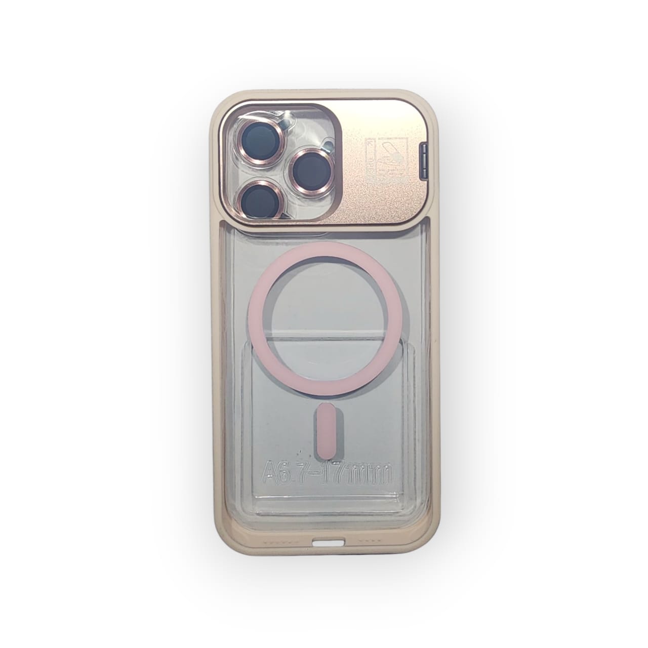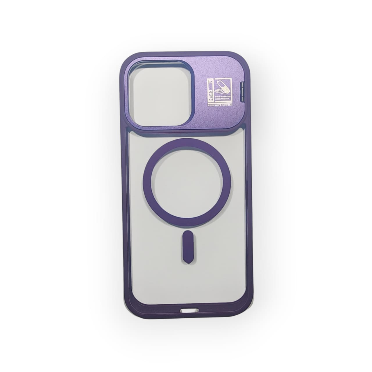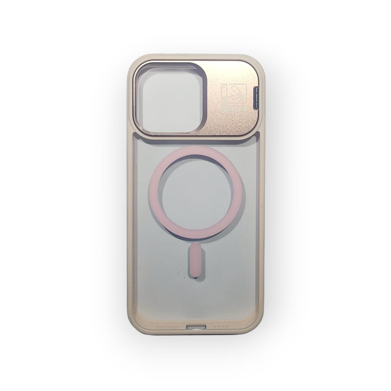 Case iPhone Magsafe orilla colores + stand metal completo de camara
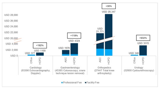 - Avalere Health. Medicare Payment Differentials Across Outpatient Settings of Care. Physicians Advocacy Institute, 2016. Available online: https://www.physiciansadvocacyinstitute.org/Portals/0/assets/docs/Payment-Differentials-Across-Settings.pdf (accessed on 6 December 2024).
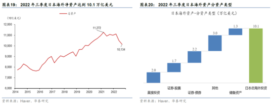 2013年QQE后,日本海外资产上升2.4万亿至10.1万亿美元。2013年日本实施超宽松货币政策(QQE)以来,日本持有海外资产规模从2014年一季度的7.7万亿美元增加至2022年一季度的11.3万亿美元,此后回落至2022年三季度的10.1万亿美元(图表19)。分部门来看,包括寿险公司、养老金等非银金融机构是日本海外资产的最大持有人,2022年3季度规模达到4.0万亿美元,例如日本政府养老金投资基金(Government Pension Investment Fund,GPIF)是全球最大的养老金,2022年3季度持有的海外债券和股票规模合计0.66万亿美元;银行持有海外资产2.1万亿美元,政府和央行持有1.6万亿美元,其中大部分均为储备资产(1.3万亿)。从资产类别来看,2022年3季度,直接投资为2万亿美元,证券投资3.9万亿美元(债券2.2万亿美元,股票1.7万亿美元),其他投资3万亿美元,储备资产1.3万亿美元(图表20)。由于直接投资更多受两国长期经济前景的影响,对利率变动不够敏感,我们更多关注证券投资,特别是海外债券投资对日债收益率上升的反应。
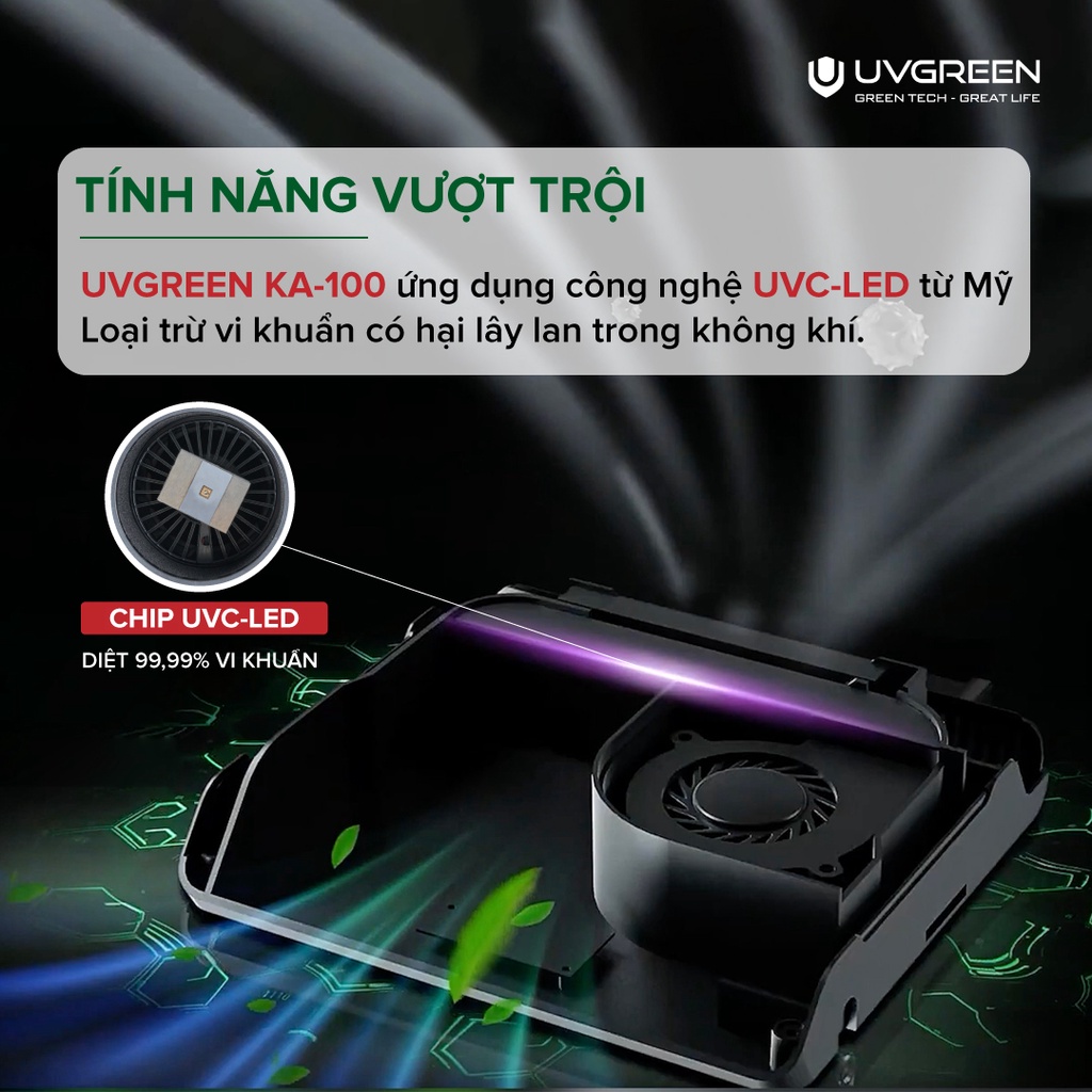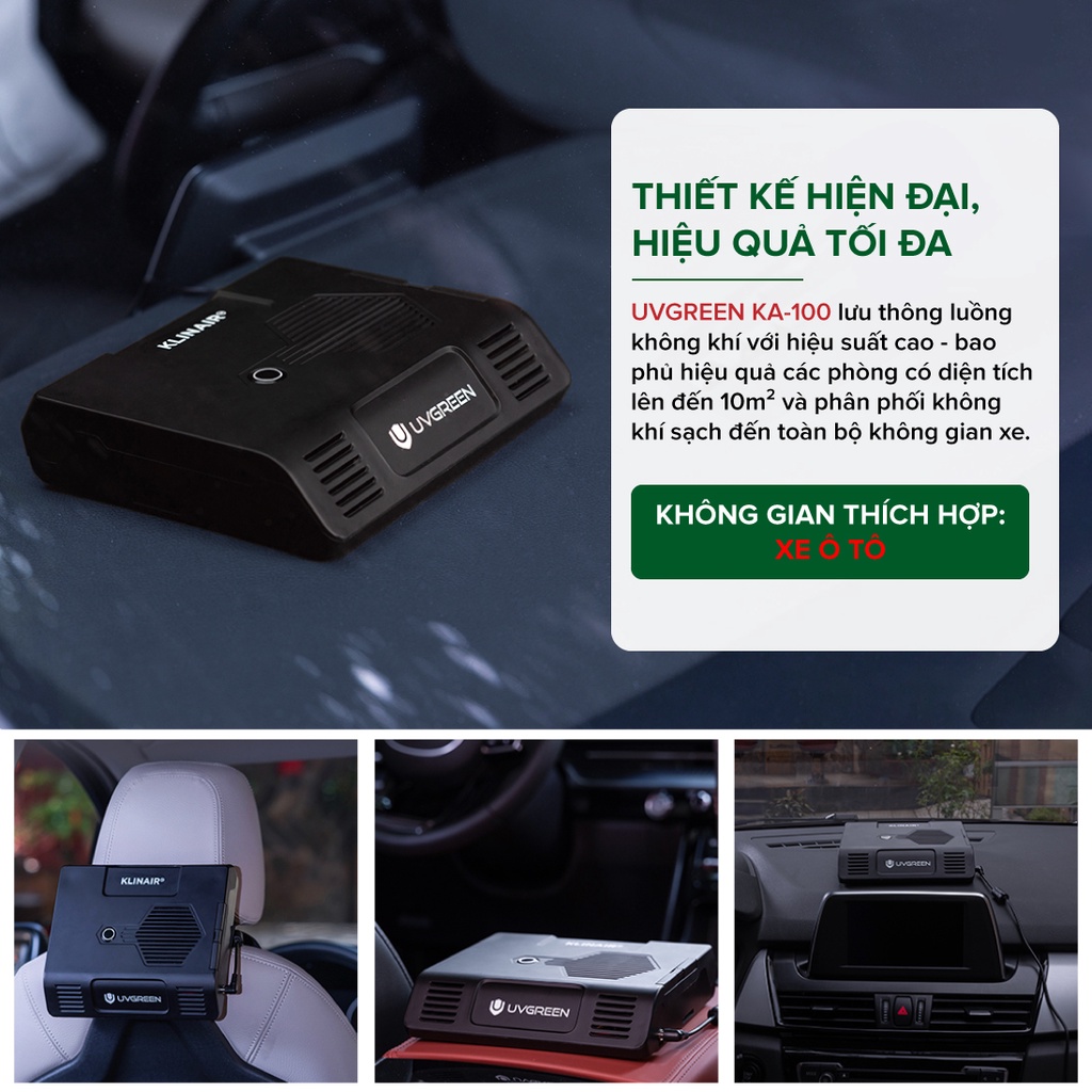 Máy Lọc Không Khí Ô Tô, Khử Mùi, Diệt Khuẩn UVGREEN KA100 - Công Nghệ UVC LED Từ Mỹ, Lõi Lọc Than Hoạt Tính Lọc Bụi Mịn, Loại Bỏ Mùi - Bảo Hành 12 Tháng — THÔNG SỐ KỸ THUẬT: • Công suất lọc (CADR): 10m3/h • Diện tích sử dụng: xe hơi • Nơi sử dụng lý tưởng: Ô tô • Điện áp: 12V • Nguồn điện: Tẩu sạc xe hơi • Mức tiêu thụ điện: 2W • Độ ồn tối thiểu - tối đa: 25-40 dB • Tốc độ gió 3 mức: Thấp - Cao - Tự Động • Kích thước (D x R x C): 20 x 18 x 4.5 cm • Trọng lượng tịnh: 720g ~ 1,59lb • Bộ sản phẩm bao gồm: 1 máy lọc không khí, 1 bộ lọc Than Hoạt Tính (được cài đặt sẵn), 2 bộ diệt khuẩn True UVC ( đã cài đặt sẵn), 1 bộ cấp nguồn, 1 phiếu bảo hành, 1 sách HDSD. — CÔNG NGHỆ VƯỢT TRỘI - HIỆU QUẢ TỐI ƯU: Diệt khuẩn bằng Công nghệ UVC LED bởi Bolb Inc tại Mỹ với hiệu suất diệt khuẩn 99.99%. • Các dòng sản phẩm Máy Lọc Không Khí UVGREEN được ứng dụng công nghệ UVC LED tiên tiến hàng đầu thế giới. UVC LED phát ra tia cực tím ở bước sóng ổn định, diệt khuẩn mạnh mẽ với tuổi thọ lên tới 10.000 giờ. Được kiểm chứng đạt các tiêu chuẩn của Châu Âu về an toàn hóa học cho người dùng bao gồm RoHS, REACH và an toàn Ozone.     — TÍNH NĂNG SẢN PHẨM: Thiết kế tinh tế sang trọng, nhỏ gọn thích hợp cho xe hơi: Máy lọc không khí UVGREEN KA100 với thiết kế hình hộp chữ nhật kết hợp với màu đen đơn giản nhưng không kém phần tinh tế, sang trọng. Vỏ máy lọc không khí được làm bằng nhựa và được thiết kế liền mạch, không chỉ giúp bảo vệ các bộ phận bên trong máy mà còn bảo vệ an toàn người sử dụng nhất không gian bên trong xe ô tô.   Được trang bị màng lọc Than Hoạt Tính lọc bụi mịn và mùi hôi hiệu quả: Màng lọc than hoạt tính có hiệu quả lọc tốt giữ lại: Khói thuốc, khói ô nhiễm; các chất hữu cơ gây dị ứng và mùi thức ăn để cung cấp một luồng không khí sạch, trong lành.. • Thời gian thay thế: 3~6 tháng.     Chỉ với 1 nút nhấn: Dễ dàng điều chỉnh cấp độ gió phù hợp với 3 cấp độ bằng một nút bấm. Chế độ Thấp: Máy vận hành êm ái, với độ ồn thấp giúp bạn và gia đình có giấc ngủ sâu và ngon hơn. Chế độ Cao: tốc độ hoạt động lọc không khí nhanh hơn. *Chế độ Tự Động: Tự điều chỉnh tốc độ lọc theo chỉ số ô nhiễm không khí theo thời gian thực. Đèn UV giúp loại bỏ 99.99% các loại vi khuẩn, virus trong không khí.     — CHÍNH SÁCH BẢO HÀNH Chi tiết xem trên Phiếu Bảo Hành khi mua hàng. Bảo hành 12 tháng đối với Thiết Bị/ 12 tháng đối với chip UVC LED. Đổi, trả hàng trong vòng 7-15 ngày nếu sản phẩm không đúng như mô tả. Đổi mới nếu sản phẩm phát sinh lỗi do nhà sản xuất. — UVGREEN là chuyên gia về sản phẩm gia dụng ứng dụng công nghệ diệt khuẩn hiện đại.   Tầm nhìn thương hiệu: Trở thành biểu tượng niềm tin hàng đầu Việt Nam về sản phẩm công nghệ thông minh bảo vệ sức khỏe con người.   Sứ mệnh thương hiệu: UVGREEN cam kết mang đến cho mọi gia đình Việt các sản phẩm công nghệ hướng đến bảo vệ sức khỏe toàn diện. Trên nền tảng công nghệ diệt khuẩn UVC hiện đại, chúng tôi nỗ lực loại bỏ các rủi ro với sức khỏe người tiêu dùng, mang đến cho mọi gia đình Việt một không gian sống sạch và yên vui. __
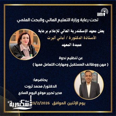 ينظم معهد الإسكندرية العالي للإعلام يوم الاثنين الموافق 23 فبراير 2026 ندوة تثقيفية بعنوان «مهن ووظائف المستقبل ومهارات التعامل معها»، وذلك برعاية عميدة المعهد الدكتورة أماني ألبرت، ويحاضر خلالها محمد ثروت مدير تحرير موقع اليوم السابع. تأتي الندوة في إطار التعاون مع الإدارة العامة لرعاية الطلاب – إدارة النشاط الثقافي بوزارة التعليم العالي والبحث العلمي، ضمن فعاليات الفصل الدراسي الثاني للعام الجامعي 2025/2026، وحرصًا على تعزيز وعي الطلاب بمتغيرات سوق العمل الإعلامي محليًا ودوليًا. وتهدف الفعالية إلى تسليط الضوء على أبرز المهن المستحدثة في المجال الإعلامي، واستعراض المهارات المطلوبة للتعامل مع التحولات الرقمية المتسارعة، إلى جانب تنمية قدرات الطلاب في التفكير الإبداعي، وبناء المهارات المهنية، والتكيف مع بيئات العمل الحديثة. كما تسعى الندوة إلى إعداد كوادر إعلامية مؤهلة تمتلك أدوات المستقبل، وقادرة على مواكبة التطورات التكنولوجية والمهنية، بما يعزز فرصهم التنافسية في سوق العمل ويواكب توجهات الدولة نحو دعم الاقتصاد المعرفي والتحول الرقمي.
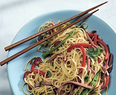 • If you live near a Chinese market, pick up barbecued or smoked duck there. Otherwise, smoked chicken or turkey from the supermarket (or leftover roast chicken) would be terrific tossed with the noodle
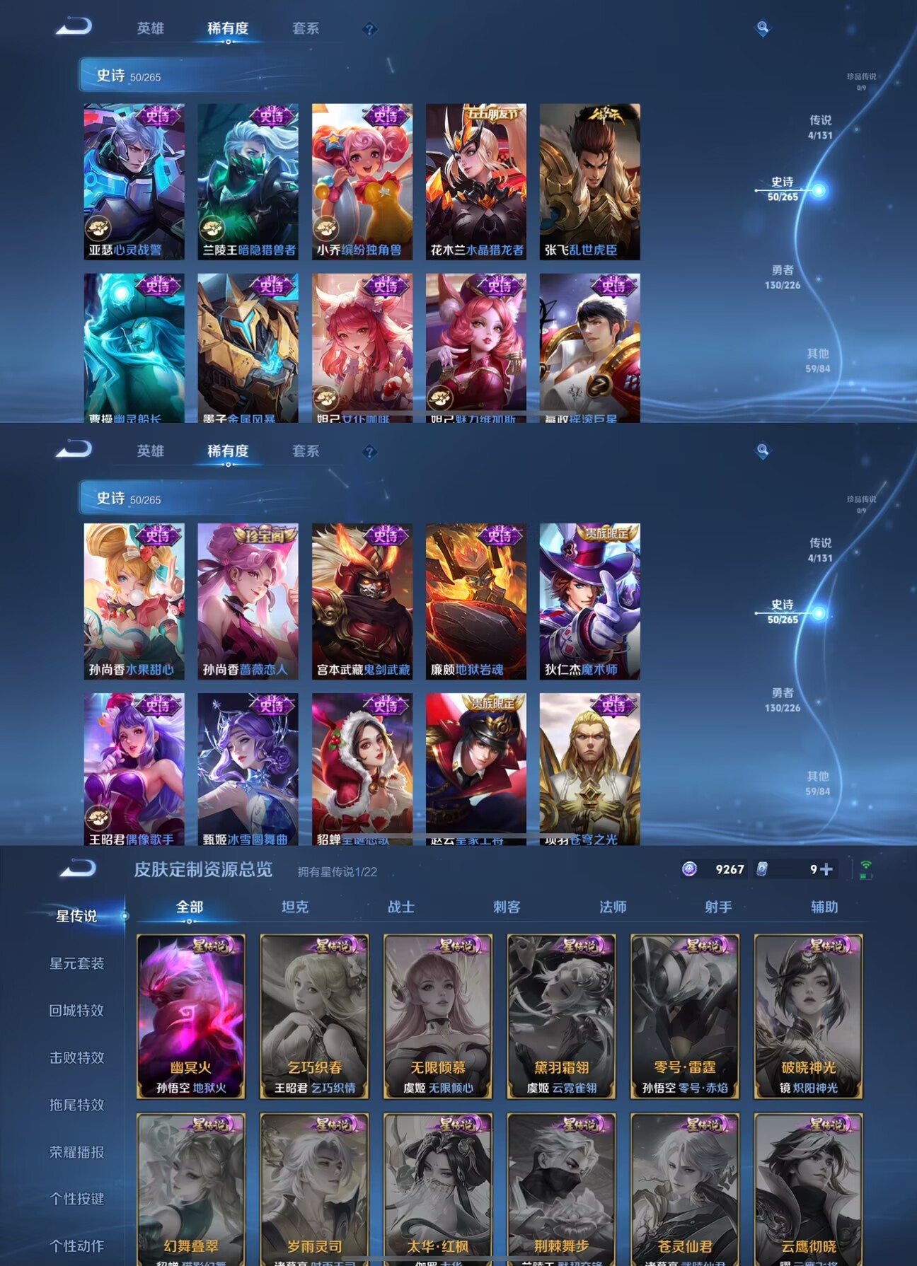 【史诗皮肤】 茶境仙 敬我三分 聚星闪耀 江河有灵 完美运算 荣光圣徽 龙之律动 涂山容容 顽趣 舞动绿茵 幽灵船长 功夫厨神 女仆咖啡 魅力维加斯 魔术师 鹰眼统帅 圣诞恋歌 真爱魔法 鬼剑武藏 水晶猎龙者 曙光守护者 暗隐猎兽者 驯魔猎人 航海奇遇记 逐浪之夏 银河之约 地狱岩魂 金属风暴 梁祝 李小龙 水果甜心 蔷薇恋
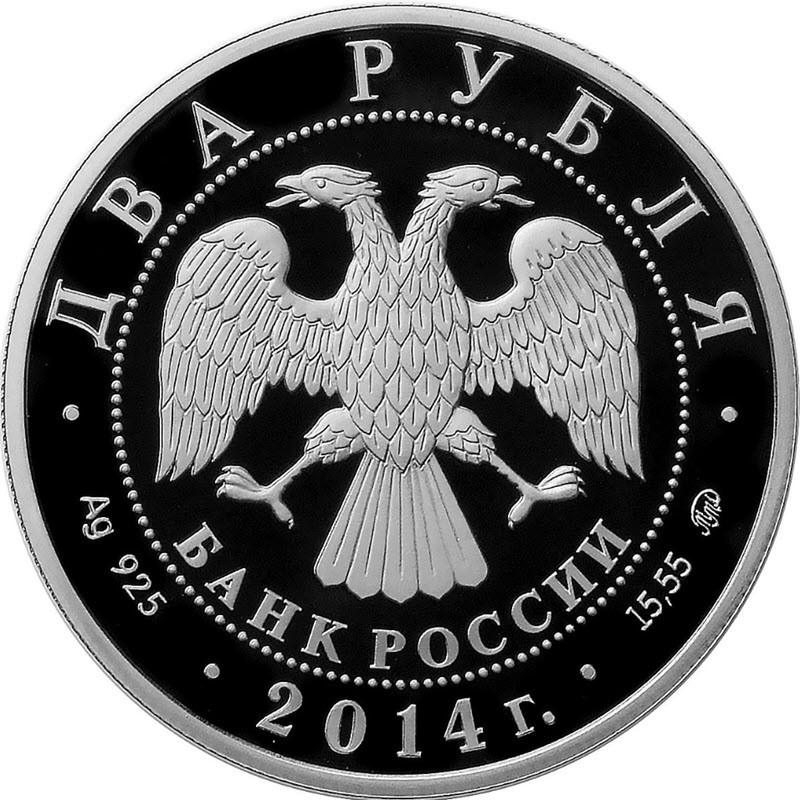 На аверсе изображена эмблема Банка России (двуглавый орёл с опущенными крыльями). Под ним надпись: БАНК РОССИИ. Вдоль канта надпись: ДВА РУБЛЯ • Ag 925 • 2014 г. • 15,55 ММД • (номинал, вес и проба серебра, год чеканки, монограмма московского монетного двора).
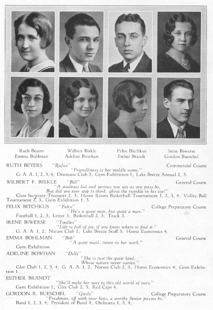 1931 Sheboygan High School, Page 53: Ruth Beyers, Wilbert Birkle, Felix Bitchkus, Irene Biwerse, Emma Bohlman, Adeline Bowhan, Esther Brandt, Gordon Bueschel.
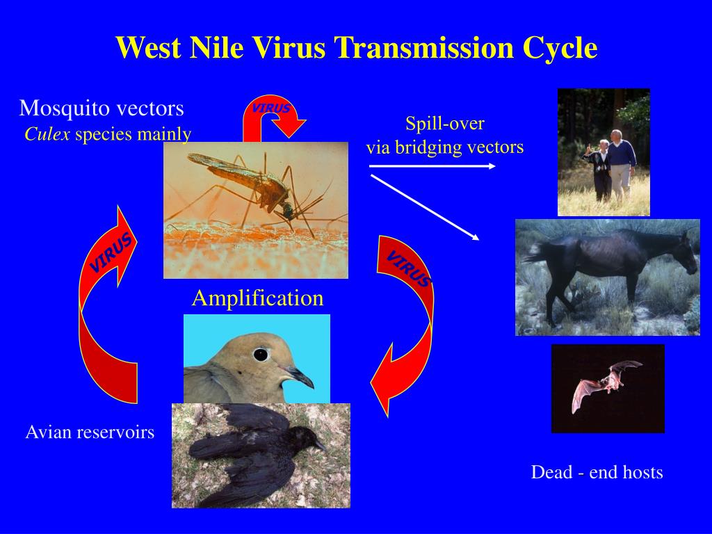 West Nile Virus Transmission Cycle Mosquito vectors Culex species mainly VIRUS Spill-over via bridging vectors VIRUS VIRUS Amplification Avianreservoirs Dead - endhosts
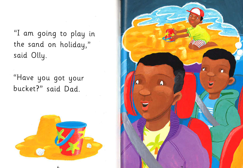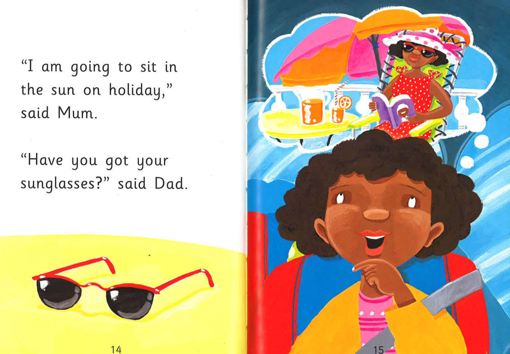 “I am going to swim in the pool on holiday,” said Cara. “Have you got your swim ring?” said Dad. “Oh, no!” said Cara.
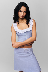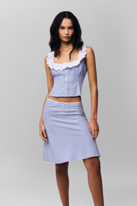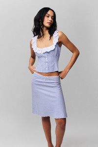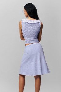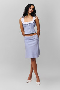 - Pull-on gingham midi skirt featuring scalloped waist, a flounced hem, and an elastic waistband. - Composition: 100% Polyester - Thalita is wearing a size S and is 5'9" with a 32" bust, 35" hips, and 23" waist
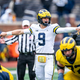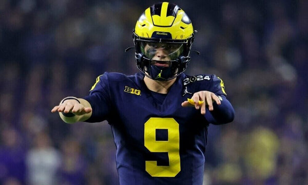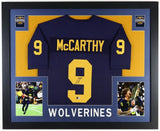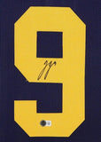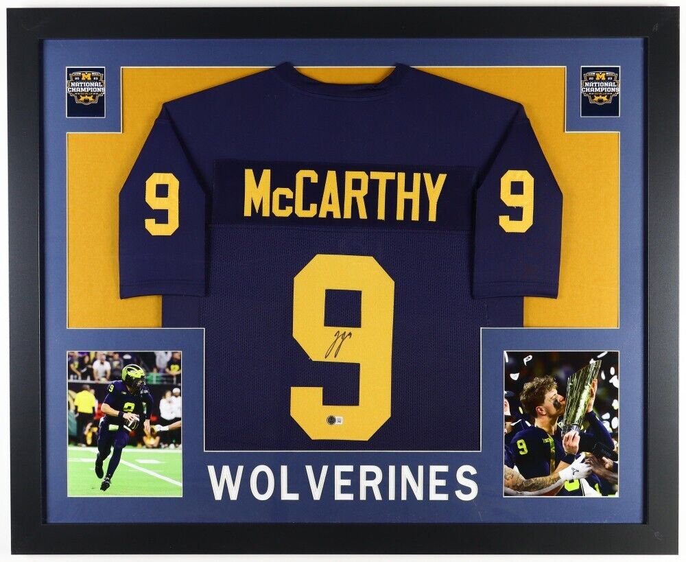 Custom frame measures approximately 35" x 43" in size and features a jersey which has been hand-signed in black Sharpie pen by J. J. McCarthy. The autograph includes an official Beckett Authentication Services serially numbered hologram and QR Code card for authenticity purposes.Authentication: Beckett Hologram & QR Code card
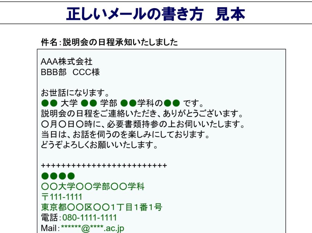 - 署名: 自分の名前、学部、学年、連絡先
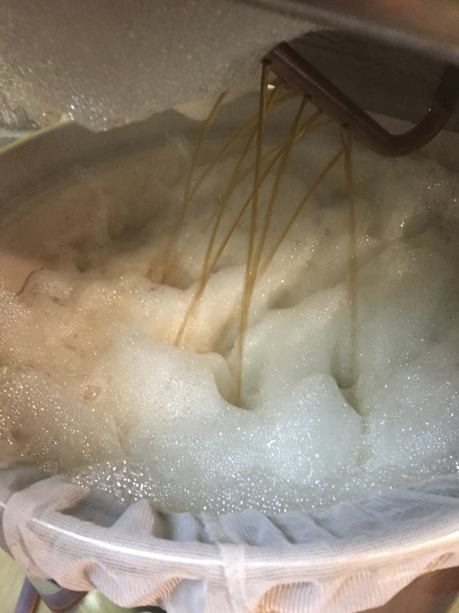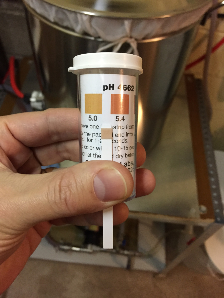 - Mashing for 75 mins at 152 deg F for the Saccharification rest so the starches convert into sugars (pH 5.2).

- - -

WHAT YOU NEED TO DO »
Find the line with "李小龙 水果甜心 蔷薇恋" in the data above, and from there retype each line exactly through the line with "На аверсе изображена", skipping the pictures along the way.

EXPECTED ANSWER »
 【史诗皮肤】 茶境仙 敬我三分 聚星闪耀 江河有灵 完美运算 荣光圣徽 龙之律动 涂山容容 顽趣 舞动绿茵 幽灵船长 功夫厨神 女仆咖啡 魅力维加斯 魔术师 鹰眼统帅 圣诞恋歌 真爱魔法 鬼剑武藏 水晶猎龙者 曙光守护者 暗隐猎兽者 驯魔猎人 航海奇遇记 逐浪之夏 银河之约 地狱岩魂 金属风暴 梁祝 李小龙 水果甜心 蔷薇恋
 На аверсе изображена эмблема Банка России (двуглавый орёл с опущенными крыльями). Под ним надпись: БАНК РОССИИ. Вдоль канта надпись: ДВА РУБЛЯ • Ag 925 • 2014 г. • 15,55 ММД • (номинал, вес и проба серебра, год чеканки, монограмма московского монетного двора).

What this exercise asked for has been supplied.